Stichwort Wahlwerbung
- Twitter verdient nur relativ wenig mit Wahlwerbung – obwohl Twitter für die politische Kommunikation so eine enorm wichtige Plattform geworden ist. (Bloomberg)
- Facebook macht sich die Taschen voll – vor allem Demokraten geben viel Geld auf Facebook aus. (The Atlantic)
- Google verdient in erster Linie an Werbeanzeigen, die von den Republikaner geschaltet werden (transparencyreport / google)
Für echte Experten: Wer sich noch viel ausführlicher mit dem Thema Desinformation bei den Midterms beschäftigen möchte, der sollte diese Artikel-Reihe von Jonathan Albright lesen. (Medium / d1gi)
Be smart : Natürlich sind die Social-Media-Unternehmen bei weitem nicht die einzigen, die zum Wahlgang ermutigen (CBS News). Sehr wohl aber haben sie die notwendigen Daten, um gezielt zu beeinflussen. Nicht, dass wir uns falsch verstehen: Ich kann mir nicht vorstellen, dass eins der Unternehmen aktiv in den politischen Willensbildungsprozess eingreifen möchte – das wäre im Zweifelsfall nur schlecht fürs eigene Geschäft. Sehr wohl kann ich mir aber vorstellen, dass etwa bei der Implementierung eines „I-Voted“-Buttons nicht alle Eventualitäten mitbedacht wurden. Wer also ist eigentlich in der Lage, diejenigen zu kontrollieren, die sich selbst auf die Fahnen schreiben, die Integrität der Wahlen zu sichern?
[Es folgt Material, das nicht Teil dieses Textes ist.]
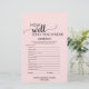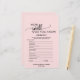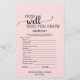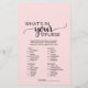Dieses Rosa-Kalligraphie-Spiel "Was in der Handtasche ist" ist perfekt für ein elegantes Brautparty. Auf der Vorderseite der Spielkarte steht "Wie gut kennst du die Braut" und auf der Rückseite der Karte steht "was in deiner Handtasche ist". Das Design besticht durch einen romantischen und süß fließenden, kursiven Schriftart auf einem zarten, hellen Ballett-rosa Hintergrund. Personalisieren Sie die Kartenvorderseite mit dem Namen der Braut und dem Brautparty.

By the way: Facebook zieht eine Anzeige von Trump zurück, weil sie nicht den Werberichtlinien entsprach. Oder mit anderen Worten: weil sie rassistisch war. Das Traurige daran: Wäre es keine Anzeige gewesen, sondern ein regulärer Post, dann hätte das Video auf Plattform bleiben können. (CNN) Update: Genau das ist jetzt natürlich passiert und es wird wie verrückt rumgereicht. (The Hill)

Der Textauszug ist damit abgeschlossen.